Tuckett could quote the great ones, be it Shakespeare, Plato, Yogi Berra, Vince Lombardi or John Wooden. He knew Broadway plays and quotable lines. He quoted scripture and power brokers of present and past. He told stories that made sense and related to his topic of the moment. He wasn’t perfect, but he knew many people who were close or thought they were.

He was as well-read a man as a man could be.

The passing of Tuckett closes a chapter on what will be remembered as the glory days of BYU athletics. It was the time of LaVell Edwards’ long string of WAC championships and bowl trips, an expanded stadium, All-Americans, and a Heisman winner. Tuckett was poolside in Honolulu the day Ty Detmer was awarded that coveted trophy.

He outlived many of his contemporaries in the BYU sports tapestry, Edwards, golf coach Karl Tucker, his longtime assistant Pete Witbeck, track coach Clarence Robison, wrestling coach Fred Davis, trainers Eddie Kimball and George Curtis, Tony Ingle, Dick Felt, Stan Watts, and many, many others.

“He changed my life,” said Iorg, a 10-year Major League veteran who played in two World Series, which included a game-winning hit in the sixth game of the 1985 series for Kansas City. “I could never call him Glen or Brother Tuckett. It was always coach,” he said.

When Iorg played for Hall of Fame manager Whitey Herzog, announcer Jack Buck came up to Iorg and asked him why Herzog liked him so much. “He likes you so much you could play for him until you are 50.”

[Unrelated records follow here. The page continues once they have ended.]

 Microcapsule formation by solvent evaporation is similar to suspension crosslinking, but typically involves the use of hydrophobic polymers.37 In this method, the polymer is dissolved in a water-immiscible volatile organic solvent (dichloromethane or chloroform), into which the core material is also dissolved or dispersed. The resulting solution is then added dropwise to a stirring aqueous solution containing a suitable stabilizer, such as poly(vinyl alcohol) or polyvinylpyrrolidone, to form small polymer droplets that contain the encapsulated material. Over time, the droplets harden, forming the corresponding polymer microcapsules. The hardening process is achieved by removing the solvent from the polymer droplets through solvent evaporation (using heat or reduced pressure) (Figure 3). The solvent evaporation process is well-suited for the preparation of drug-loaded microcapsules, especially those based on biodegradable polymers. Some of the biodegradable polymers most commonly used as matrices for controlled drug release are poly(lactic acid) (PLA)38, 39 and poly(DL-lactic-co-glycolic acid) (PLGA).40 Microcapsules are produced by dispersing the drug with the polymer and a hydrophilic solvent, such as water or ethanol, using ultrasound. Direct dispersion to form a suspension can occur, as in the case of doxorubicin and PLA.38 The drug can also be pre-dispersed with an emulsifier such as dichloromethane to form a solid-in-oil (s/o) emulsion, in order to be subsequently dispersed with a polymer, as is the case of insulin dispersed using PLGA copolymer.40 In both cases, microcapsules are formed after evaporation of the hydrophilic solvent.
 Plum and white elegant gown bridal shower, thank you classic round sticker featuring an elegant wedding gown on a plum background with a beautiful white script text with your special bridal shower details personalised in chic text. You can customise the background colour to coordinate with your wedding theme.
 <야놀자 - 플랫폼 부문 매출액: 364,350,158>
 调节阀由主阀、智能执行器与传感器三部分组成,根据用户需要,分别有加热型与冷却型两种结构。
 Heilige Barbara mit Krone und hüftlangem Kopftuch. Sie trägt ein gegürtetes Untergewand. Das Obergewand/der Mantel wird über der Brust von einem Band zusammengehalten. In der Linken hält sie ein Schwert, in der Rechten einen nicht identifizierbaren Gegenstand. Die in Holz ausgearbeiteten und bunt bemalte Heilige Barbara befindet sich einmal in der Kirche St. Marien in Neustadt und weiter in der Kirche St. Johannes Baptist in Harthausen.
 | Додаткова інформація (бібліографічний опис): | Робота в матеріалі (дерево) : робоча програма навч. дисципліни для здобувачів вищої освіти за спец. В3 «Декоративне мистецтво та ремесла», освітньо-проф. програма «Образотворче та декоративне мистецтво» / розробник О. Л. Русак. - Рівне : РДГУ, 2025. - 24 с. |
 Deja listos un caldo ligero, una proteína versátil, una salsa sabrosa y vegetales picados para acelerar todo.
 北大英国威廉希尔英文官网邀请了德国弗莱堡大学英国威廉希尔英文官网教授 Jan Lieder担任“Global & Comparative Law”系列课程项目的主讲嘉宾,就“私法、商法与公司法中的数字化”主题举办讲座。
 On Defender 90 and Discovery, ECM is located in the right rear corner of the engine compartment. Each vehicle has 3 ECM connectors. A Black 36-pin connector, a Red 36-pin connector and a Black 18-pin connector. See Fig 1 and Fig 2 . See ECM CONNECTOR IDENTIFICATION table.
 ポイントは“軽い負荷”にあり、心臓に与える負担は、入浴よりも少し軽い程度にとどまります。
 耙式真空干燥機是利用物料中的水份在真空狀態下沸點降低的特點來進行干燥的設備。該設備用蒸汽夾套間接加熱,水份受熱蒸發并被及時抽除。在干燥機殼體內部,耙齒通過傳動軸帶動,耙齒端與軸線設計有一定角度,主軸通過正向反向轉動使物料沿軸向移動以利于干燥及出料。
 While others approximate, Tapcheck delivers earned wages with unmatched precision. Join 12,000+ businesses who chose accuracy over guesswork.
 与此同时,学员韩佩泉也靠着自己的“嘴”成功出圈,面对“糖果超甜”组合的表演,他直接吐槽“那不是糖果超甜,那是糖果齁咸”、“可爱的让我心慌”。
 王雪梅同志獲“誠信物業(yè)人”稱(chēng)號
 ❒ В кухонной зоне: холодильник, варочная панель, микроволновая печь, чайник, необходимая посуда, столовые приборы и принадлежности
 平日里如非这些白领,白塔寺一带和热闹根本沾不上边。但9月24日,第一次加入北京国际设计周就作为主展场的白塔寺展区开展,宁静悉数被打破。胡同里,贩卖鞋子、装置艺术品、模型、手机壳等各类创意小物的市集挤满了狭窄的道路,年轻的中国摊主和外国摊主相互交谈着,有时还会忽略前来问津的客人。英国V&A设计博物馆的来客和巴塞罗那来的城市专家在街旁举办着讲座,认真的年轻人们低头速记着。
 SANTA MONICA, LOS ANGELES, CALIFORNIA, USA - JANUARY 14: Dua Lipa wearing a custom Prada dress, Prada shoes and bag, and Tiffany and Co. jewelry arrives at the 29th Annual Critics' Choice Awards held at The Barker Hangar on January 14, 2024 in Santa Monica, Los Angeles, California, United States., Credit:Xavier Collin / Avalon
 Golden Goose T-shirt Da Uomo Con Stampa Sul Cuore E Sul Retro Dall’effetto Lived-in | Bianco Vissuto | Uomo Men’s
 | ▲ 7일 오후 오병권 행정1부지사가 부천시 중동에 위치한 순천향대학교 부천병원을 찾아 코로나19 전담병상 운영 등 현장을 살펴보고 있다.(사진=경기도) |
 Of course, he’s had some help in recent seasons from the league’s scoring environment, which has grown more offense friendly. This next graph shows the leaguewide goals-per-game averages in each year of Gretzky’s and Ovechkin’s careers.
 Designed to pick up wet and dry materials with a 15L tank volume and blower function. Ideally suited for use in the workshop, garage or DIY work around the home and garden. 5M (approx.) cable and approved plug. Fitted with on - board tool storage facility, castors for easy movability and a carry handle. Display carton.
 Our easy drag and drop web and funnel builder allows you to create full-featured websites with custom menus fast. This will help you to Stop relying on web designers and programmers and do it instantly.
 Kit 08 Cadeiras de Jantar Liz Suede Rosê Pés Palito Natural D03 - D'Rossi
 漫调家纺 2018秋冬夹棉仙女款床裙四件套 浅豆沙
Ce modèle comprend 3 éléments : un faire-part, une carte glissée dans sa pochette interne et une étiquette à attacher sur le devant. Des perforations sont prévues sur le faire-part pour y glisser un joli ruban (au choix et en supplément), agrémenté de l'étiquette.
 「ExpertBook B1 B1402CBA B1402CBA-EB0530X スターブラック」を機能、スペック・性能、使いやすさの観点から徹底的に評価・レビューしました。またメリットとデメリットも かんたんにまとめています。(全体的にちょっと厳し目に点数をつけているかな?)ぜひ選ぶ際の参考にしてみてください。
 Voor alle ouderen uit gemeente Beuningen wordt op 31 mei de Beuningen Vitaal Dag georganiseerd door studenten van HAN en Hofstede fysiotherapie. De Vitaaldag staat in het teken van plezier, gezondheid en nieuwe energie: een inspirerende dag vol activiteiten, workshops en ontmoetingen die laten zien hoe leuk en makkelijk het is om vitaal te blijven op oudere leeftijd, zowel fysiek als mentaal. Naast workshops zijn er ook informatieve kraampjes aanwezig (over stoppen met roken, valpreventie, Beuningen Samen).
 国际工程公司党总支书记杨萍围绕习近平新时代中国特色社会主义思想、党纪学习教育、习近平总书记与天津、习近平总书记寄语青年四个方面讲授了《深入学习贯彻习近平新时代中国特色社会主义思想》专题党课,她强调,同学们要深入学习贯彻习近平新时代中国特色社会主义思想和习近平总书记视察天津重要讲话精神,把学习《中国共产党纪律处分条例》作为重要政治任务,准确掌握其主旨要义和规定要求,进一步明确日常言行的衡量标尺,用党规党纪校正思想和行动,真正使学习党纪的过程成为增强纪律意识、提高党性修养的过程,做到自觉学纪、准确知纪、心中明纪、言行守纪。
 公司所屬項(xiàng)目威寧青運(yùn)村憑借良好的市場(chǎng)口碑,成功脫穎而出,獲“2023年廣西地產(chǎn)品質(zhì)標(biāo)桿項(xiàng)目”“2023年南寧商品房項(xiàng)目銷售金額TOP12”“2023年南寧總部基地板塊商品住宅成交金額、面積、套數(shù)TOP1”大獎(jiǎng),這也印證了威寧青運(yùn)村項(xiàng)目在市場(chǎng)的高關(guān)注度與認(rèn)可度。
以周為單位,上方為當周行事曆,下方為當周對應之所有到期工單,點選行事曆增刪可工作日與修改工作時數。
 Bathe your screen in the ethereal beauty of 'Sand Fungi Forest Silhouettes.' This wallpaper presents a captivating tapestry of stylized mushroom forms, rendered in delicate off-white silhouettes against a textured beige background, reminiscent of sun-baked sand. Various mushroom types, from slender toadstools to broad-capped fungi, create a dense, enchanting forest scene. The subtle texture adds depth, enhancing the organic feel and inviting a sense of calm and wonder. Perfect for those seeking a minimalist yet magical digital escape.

“I don’t know why,” answered Iorg.

Iorg thought for a while and realized it was because of Tuckett, the way he had taught him to practice, to work, to take to the field, to hustle, to approach his craft as a player. “The things he taught us were unbelievable, and it was fun.”

Tucket used to react to questionable player play by using the non-swear word jeexo peezo. It became a term of endearment with his teams and they’d go around saying it all the time, echoing their coach.

In his seven years with the Cardinals, Iorg kept using the phrase “jeezo peezo.” Pretty soon his teammates started using it. Cardinals players then started calling Iorg “Jeezo Peezo” and it became his nickname. One day Herzog came in the clubhouse and asked, “What’s this Jeezo Peezo stuff?”

So, said Iorg, Tuckett became widely quoted in Major League circles. “I loved it,” said Iorg.

He will be remembered for a lot of milestones in both his personal and professional life, but the greatest monument, the one that will last through pandemics, change of presidents, the ever-evolving door of coaches and athletes at BYU is the people he impacted, the lives he touched.

He taught the great lesson that you do not need to move mountains to make a difference in this life. It doesn’t take a committee, a marketing department, a study or poll. Most of the time all that is needed is a few well-placed words, a letter, a phone call, remembering a name.

Simply caring.

Rest in peace, coach. You deserve a new place in the lineup.